In the comic and short drama market, Seko has successfully incubated a series of hit shows, including the live-action short drama “Wan Xin Ji”, which topped Douyin’s AI Short Drama Chart. Works such as “I Built a Doomsday Fortress on the Mountain Top” and “Yin Shen Lu” have also gained widespread attention. 

 

图片4.png

In the high-quality film and television sector, Seko has officially reached a strategic partnership with Yangtze River Film Group, a leading enterprise in the film and television industry. The two parties will jointly explore the integrated innovation of "Generative AI (AIGC) + Film and Television," planning to launch a series of short dramas based on Jingchu cultural and historical stories next year.

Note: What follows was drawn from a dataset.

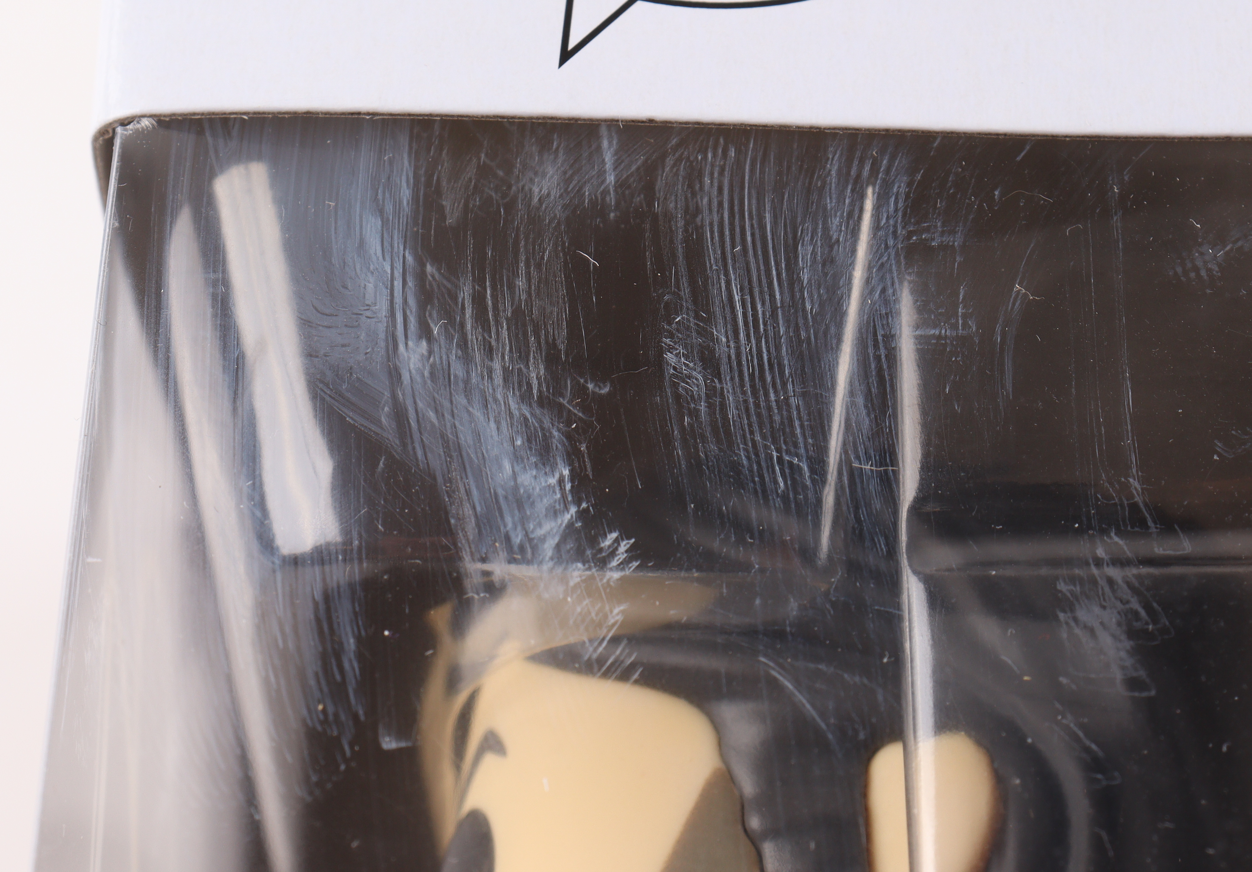 Vinyl figure measures approximately 4" tall and has been hand-signed on the packaging by Robert Trujillo. Please note, item has been window-swapped. Please note the residue on the window and the smudged signature.

The two sides will also co-incubate theatrical-level AIGC films, promoting the integration of AI creative tools into professional film and television production processes. 

 

Cambricon and SenseTime will work together to drive the prosperity and development of the domestic AI application ecosystem, refine a more efficient and user-friendly stepped product system, and build more open and developer-friendly tools to stimulate innovation in cutting-edge applications.